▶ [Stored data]
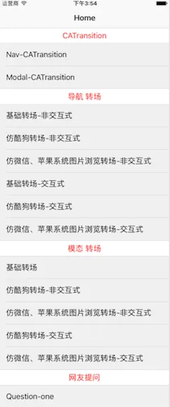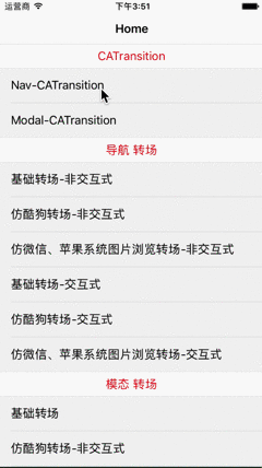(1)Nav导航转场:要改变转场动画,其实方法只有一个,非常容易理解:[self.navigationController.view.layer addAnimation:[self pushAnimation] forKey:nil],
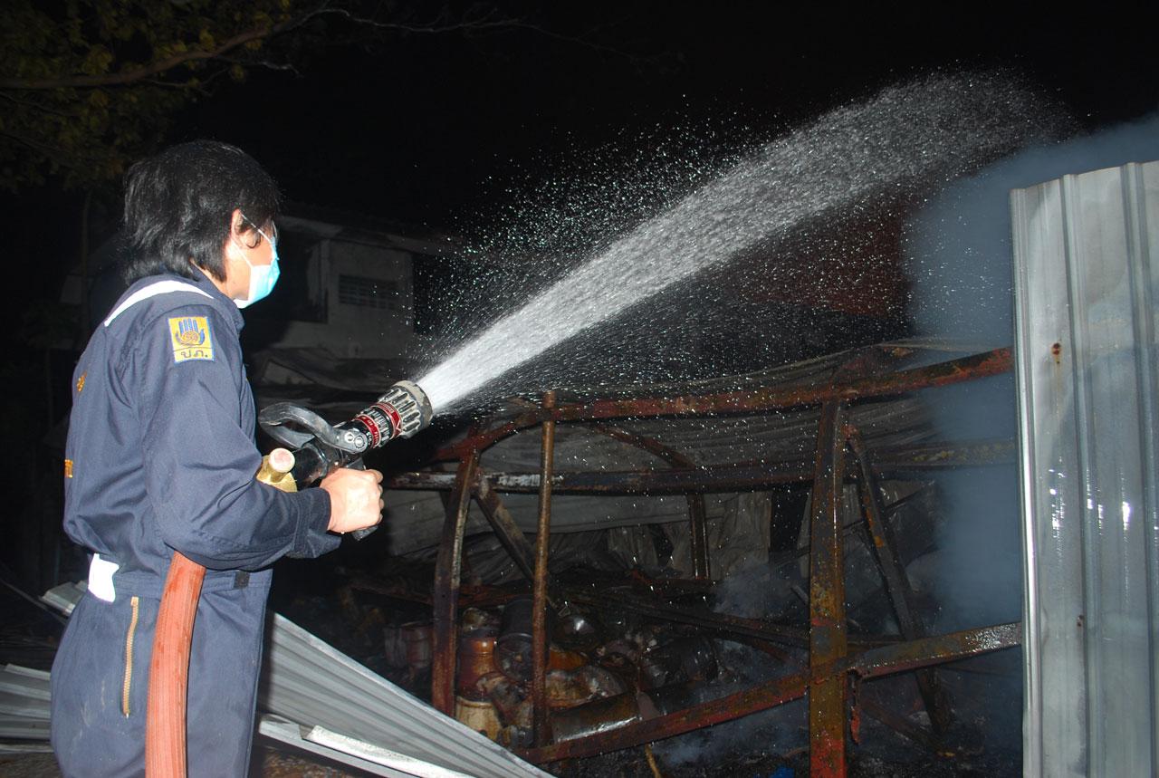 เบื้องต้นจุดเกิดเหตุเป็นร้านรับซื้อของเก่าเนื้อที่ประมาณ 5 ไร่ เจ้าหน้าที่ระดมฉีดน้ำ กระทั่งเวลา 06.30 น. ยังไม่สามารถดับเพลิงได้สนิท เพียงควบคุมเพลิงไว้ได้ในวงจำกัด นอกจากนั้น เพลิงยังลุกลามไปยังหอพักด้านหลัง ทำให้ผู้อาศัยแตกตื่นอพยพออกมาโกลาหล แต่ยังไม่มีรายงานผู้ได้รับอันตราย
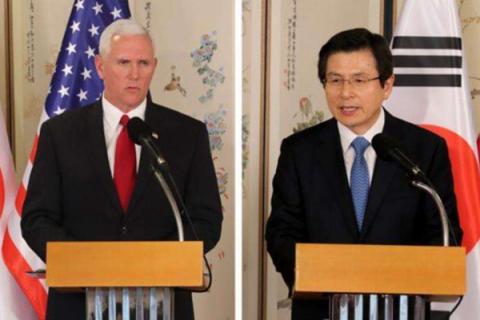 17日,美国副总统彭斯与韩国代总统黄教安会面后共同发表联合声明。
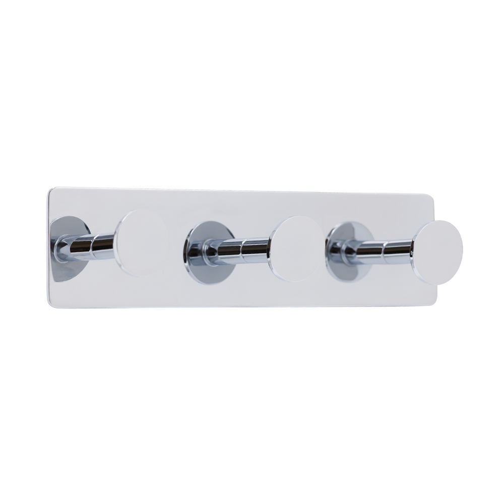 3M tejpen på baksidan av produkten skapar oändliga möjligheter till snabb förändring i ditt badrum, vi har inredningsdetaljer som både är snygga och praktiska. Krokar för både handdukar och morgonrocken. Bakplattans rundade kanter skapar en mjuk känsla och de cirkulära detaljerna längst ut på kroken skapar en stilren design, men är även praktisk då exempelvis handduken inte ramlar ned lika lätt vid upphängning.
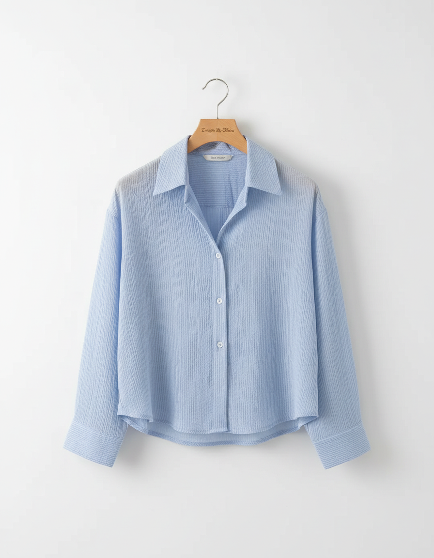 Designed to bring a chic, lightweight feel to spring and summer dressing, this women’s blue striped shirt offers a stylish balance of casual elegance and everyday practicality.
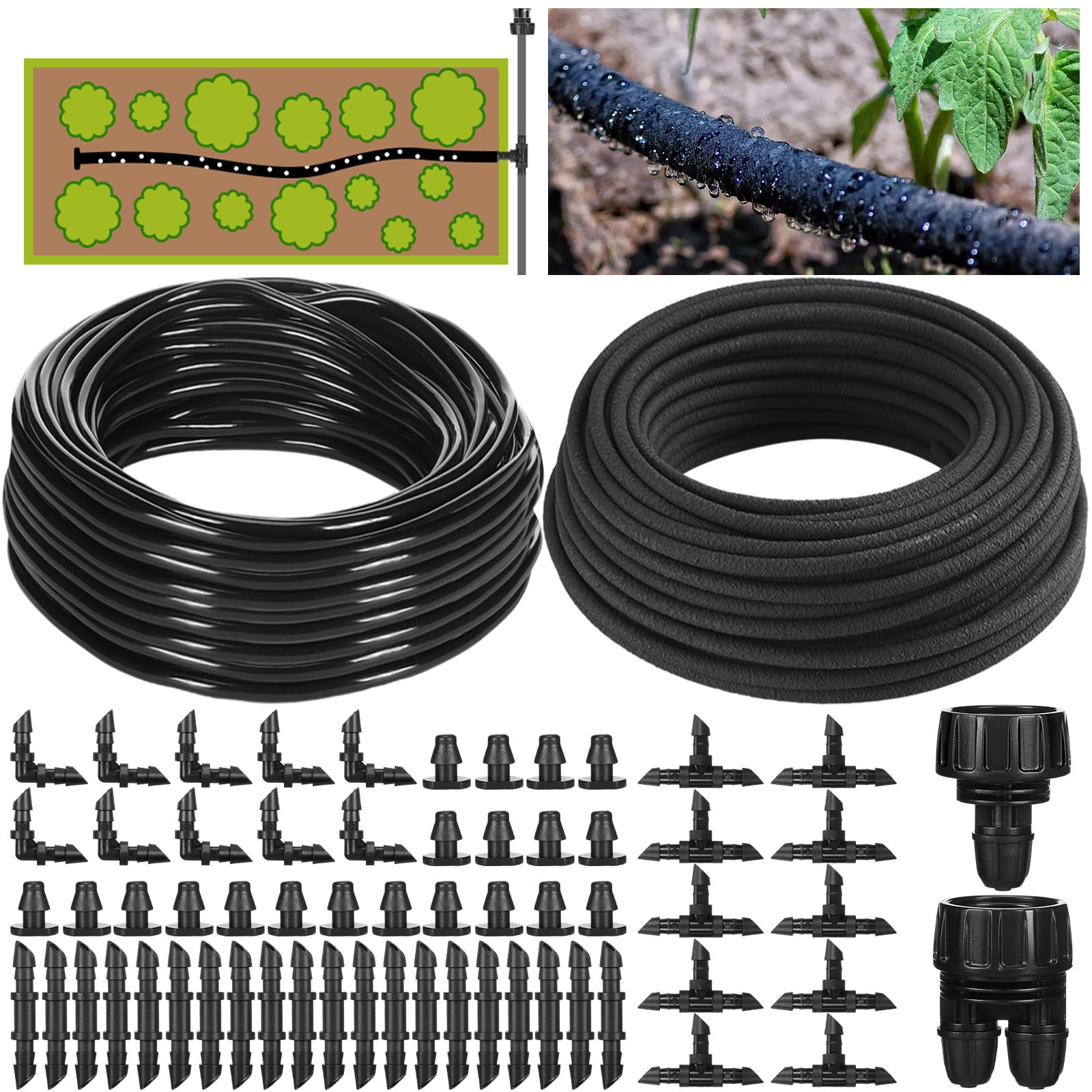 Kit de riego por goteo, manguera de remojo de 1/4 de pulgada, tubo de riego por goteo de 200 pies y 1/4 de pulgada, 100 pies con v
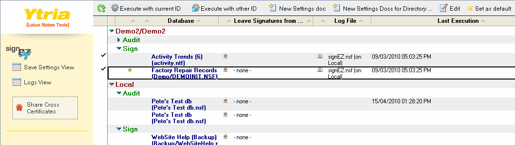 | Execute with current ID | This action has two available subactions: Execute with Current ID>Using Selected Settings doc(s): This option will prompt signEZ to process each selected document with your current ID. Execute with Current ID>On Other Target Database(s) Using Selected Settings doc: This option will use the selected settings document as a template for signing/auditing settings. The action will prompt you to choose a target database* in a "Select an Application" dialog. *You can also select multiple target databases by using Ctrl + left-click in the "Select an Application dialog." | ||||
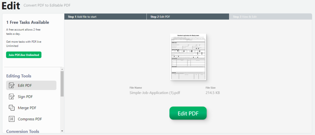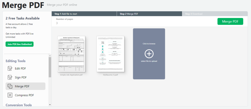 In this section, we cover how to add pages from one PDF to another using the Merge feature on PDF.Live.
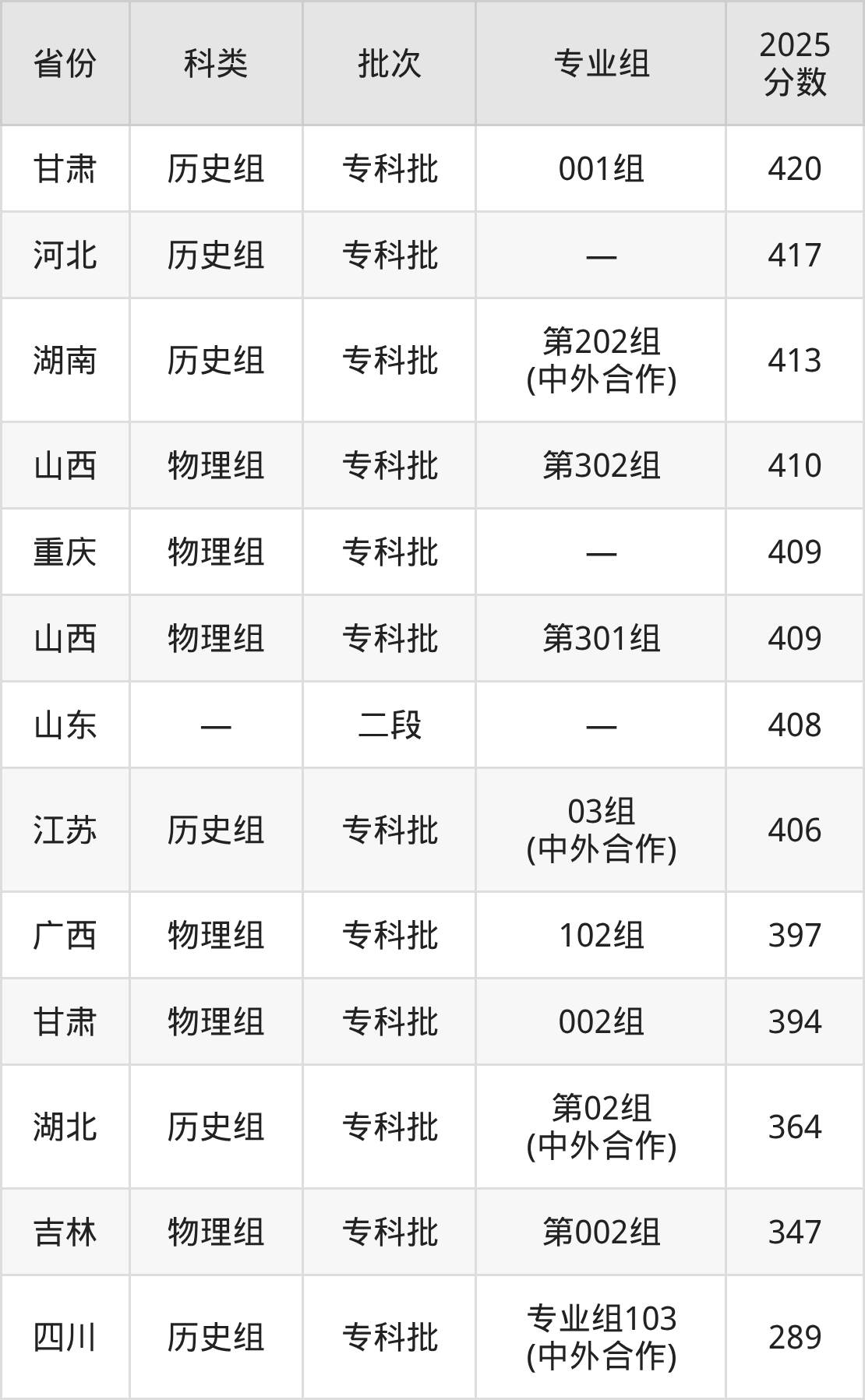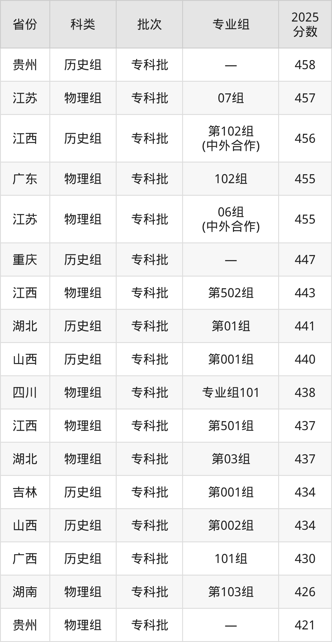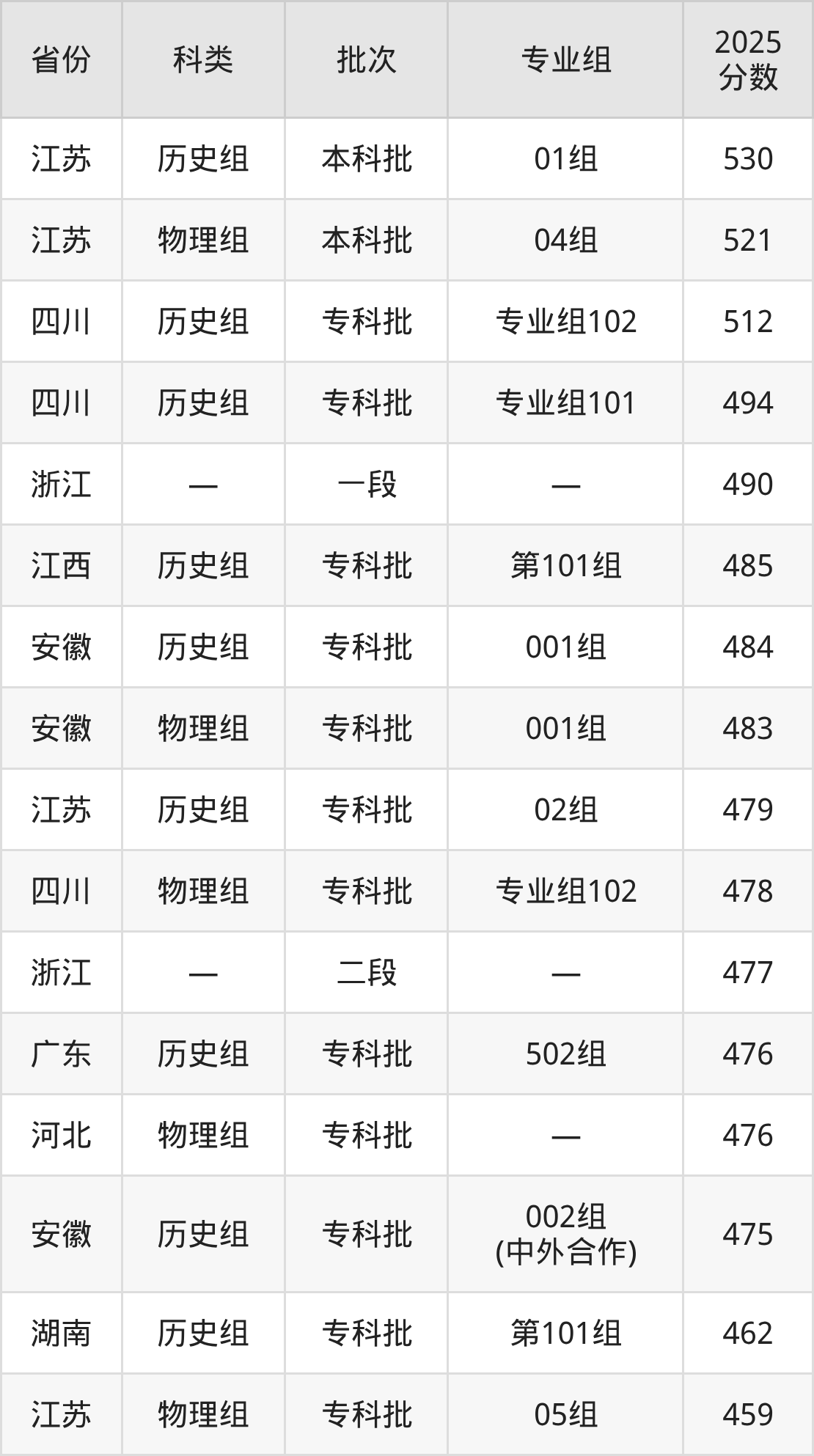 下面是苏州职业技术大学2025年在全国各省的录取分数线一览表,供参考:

▶ [Aim of the exercise] When you reach the line that has "Designed to bring" in the data above, start repeating lines exactly, and stop after the line that has "Kit de riego"; pictures stay out.

▶ [Finished exercise]
 Designed to bring a chic, lightweight feel to spring and summer dressing, this women’s blue striped shirt offers a stylish balance of casual elegance and everyday practicality.
 Kit de riego por goteo, manguera de remojo de 1/4 de pulgada, tubo de riego por goteo de 200 pies y 1/4 de pulgada, 100 pies con v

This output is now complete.